Cognition Therapeutics partnered with experts at the Lewy Body Dementia Association (LBDA) and the University of Miami Miller School of Medicine to design the Phase 2 SHIMMER trial, which has enrolled 130 patients with mild-to-moderate DLB at centers of excellence across the United States. Topline results, which are anticipated later this year, are expected to provide insights into this patient population and the potential therapeutic impact of CT1812 on the constellation of symptoms that affect DLB patients.

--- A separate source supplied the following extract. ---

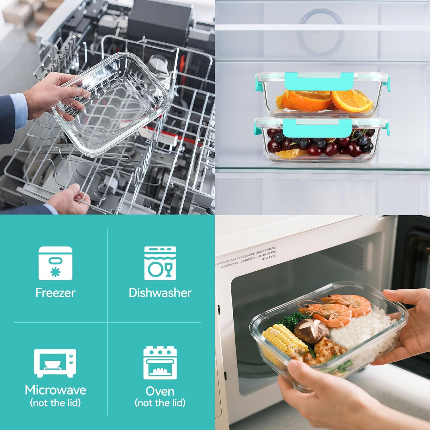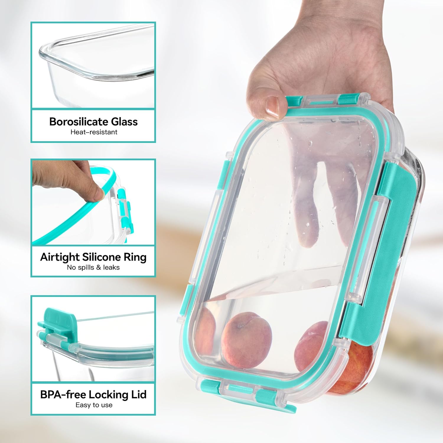 • AIRTIGHT SEALED LIDS: Equipped with BPA-free plastic lids featuring silicone seals, these glass storage containers with lids keep your food fresh longer while preventing leaks and spills. Ideal for bringing meals to work, the gym, or on picnics.

“The DLB community will be convening at the first Externally Led Patient-Focused Drug Development (EL-PFDD) Meeting* on October 15, 2024. During the meeting, patients and their care partners will relay their experiences directly to the FDA,” said Anthony Caggiano, M.D., Ph.D., Cognition’s CMO and head of R&D. “We look forward to hearing more about the most challenging aspects of DLB from these patient testimonials and applying those learnings to our development plan for CT1812.”

For registration and more information on the EL-PFDD meeting on DLB, which is hosted by the LBDA in collaboration with the Alzheimer’s Association, visit https://www.lbda.org/el-pfdd.

About CT1812
CT1812 is an experimental orally delivered small molecule oligomer antagonist that penetrates the blood-brain barrier and binds selectively to the sigma-2 receptor complex. Preclinical and clinical data demonstrate that this binding results in the displacement of toxic oligomers. The sigma-2 receptor complex is involved in the regulation of key cellular processes such as membrane trafficking and autophagy that are damaged by oligomers and other stressors. This damage to sensitive synapses can progress to a loss of synaptic function, which drives the progression of neurodegenerative diseases like Alzheimer’s disease and DLB.

About the SHIMMER Study
The SHIMMER study is a Phase 2 signal-finding clinical trial that enrolled 130 adults with mild-to-moderate DLB. Participants are evenly randomized to receive either placebo or one of two oral once-daily doses of CT1812 (100 mg or 300 mg) for six months. The SHIMMER study is supported by a grant award from the National Institute on Aging of the National Institutes of Health (NIH) totaling approximately $30 million and is being conducted in collaboration with James E. Galvin, MD, MPH, director of the Comprehensive Center for Brain Health at the University of Miami Miller School of Medicine and the Lewy Body Dementia Association (LBDA). The SHIMMER study is being conducted at over 30 sites in the United States, many of which are LBDA centers of excellence.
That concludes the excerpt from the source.